→ Exercise data
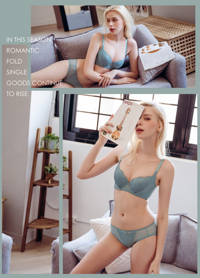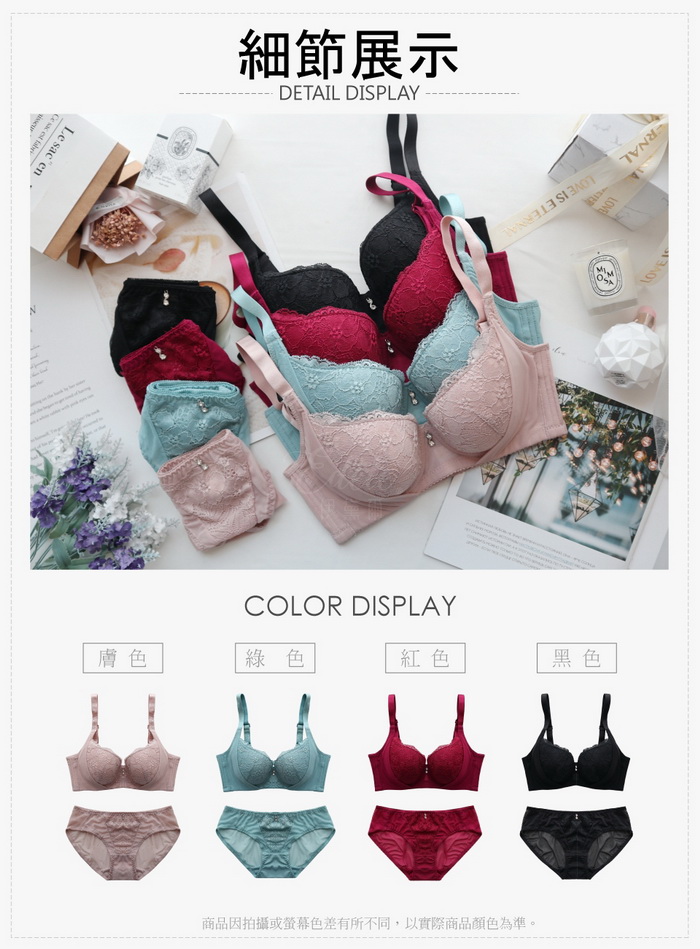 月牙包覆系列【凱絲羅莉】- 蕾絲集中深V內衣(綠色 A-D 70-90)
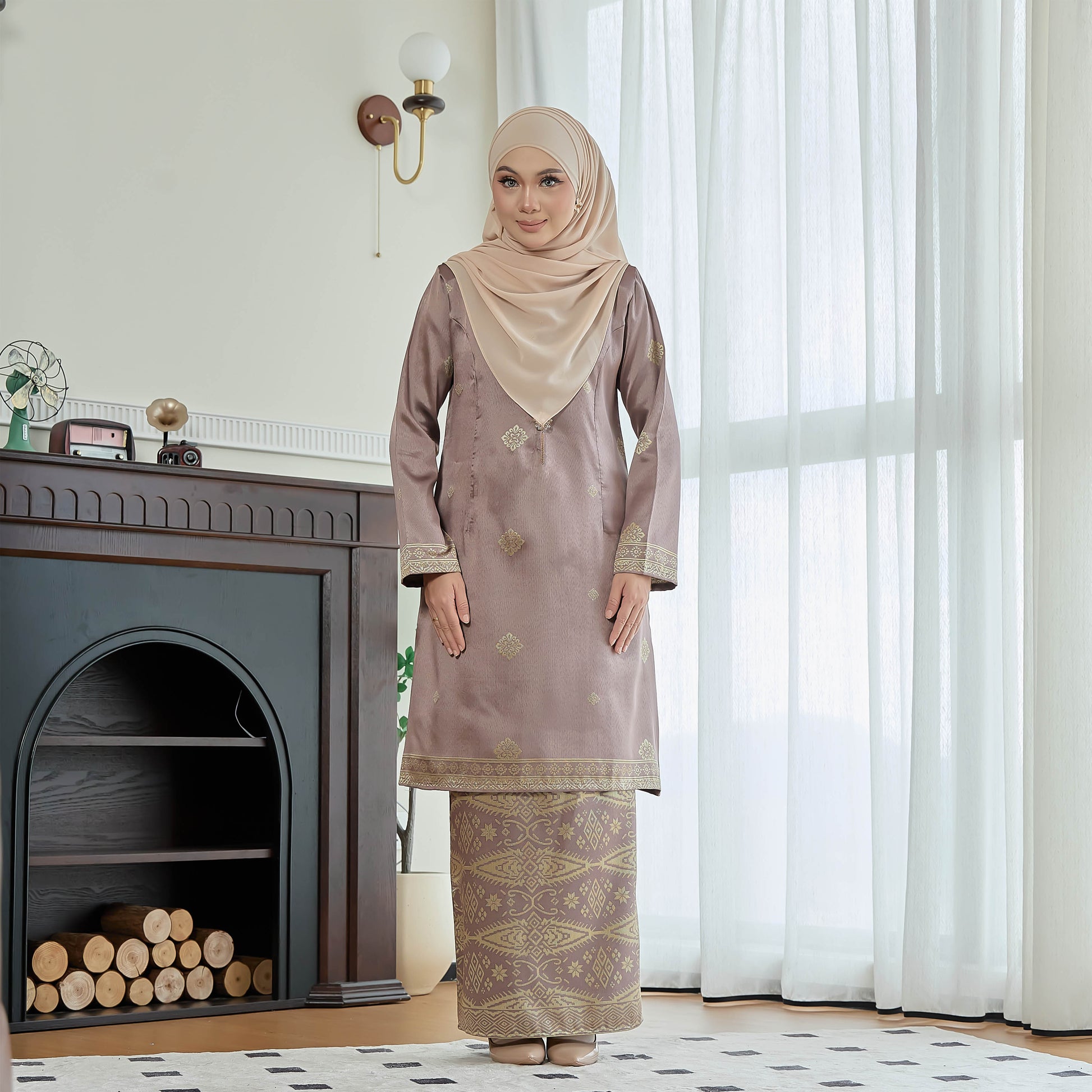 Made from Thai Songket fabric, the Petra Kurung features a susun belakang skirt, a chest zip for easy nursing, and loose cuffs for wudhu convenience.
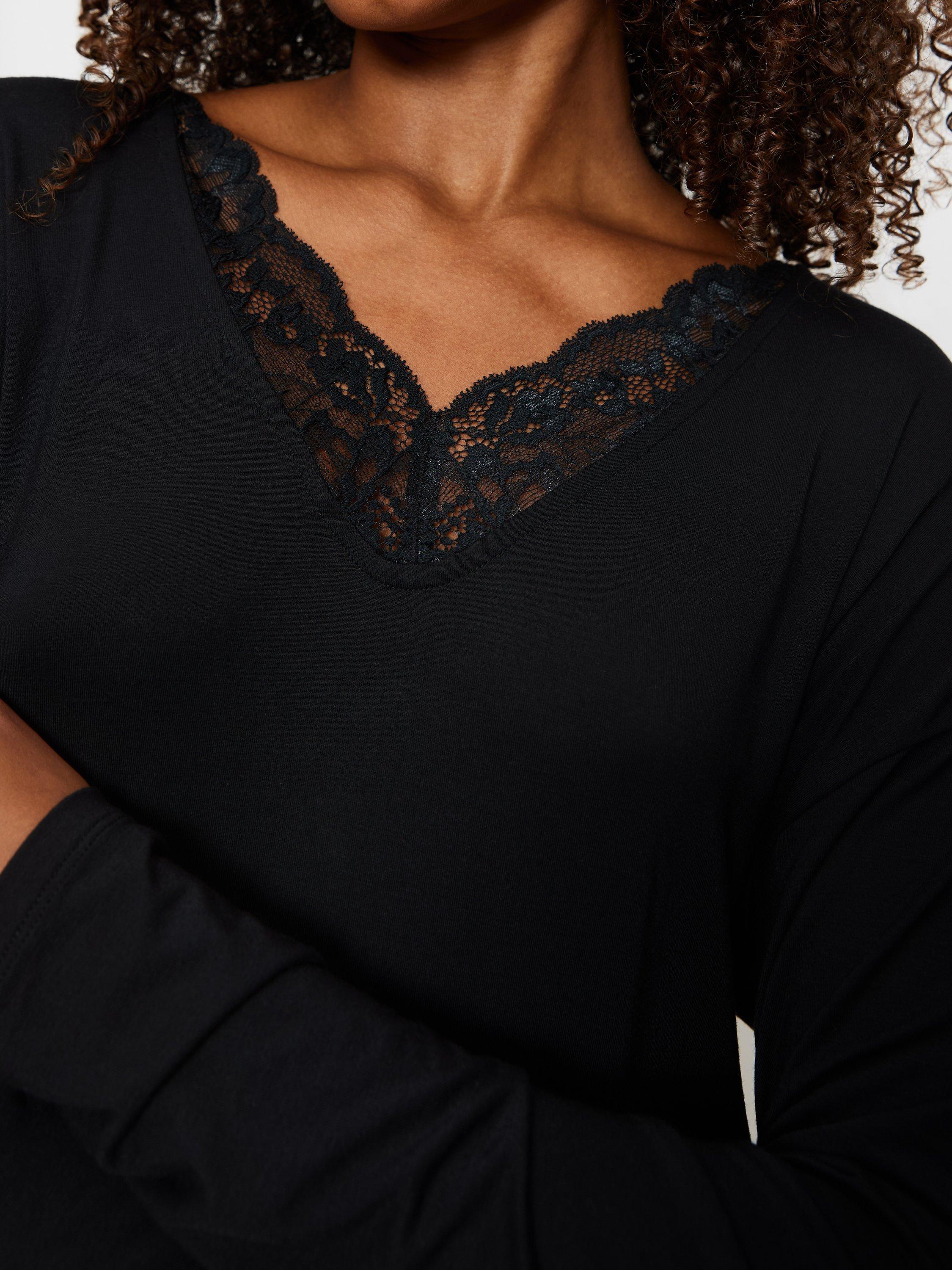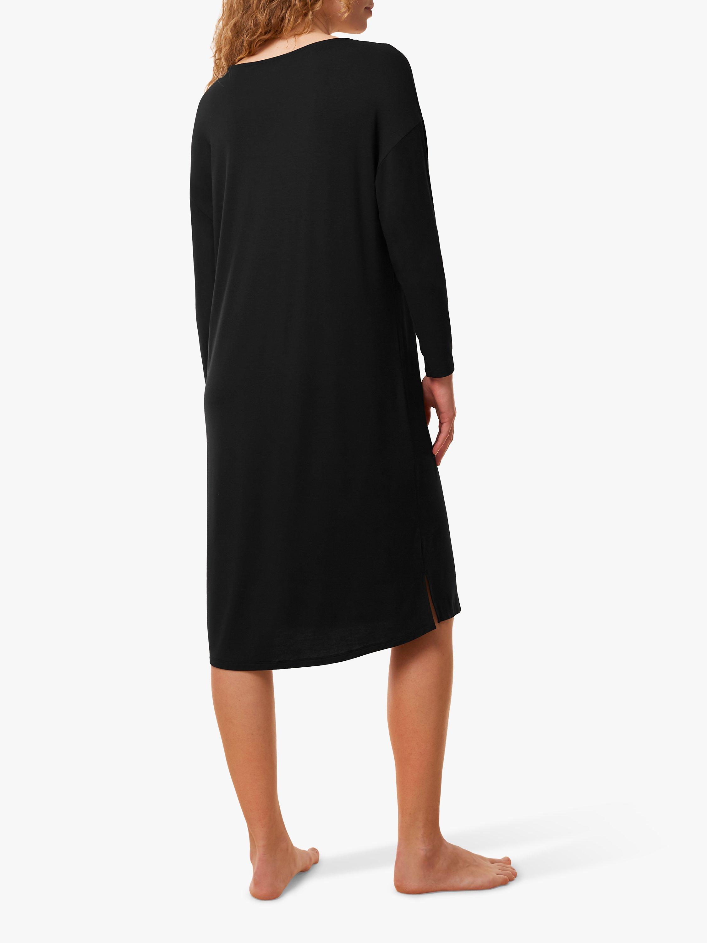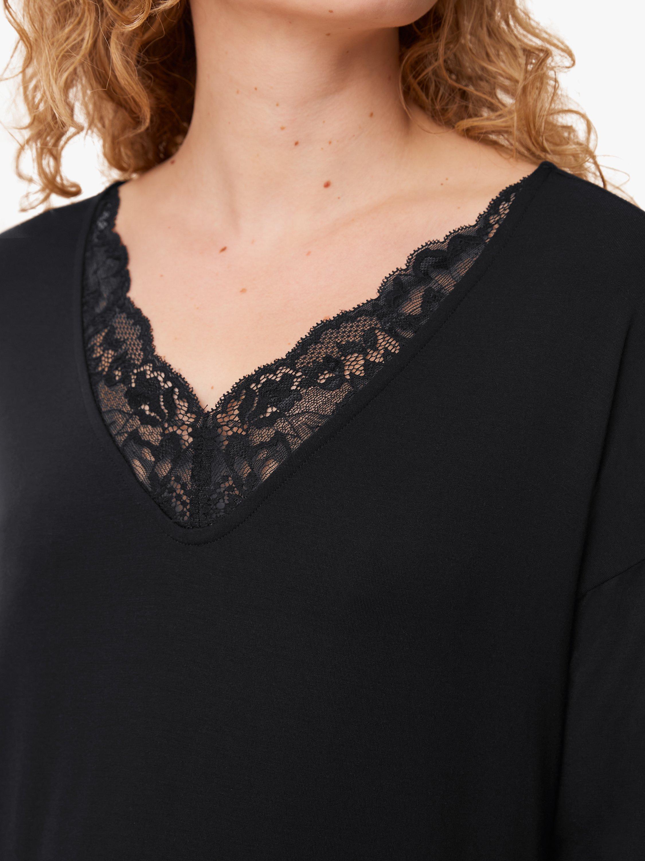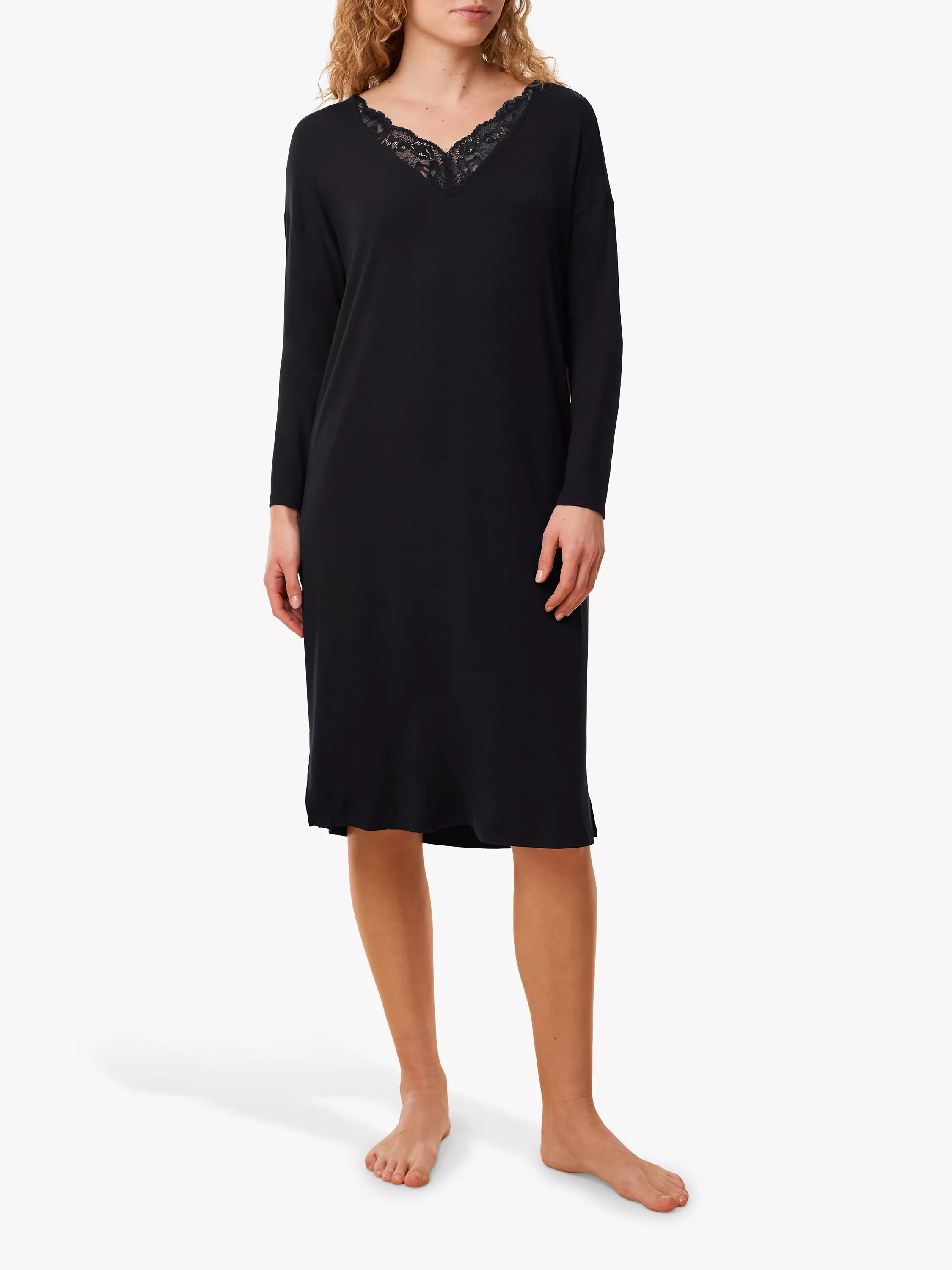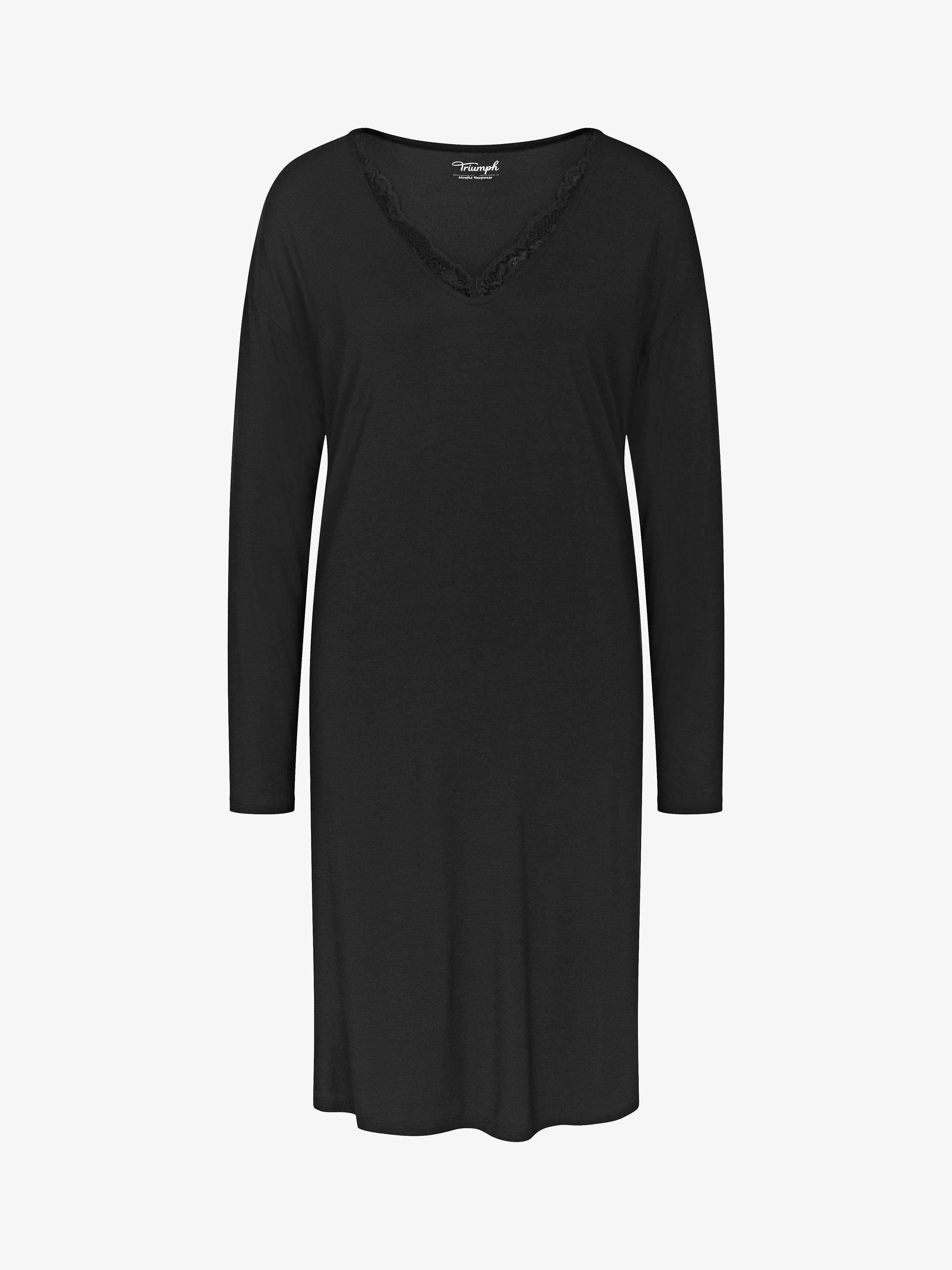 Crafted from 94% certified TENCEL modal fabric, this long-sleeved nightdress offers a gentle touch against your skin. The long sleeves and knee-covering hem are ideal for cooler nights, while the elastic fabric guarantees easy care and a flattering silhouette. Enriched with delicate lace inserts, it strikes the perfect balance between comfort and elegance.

→ Your instructions
If the material above contains pictures, exclude them from an otherwise exact transcription.

→ Your response
 月牙包覆系列【凱絲羅莉】- 蕾絲集中深V內衣(綠色 A-D 70-90)
 Made from Thai Songket fabric, the Petra Kurung features a susun belakang skirt, a chest zip for easy nursing, and loose cuffs for wudhu convenience.
 Crafted from 94% certified TENCEL modal fabric, this long-sleeved nightdress offers a gentle touch against your skin. The long sleeves and knee-covering hem are ideal for cooler nights, while the elastic fabric guarantees easy care and a flattering silhouette. Enriched with delicate lace inserts, it strikes the perfect balance between comfort and elegance.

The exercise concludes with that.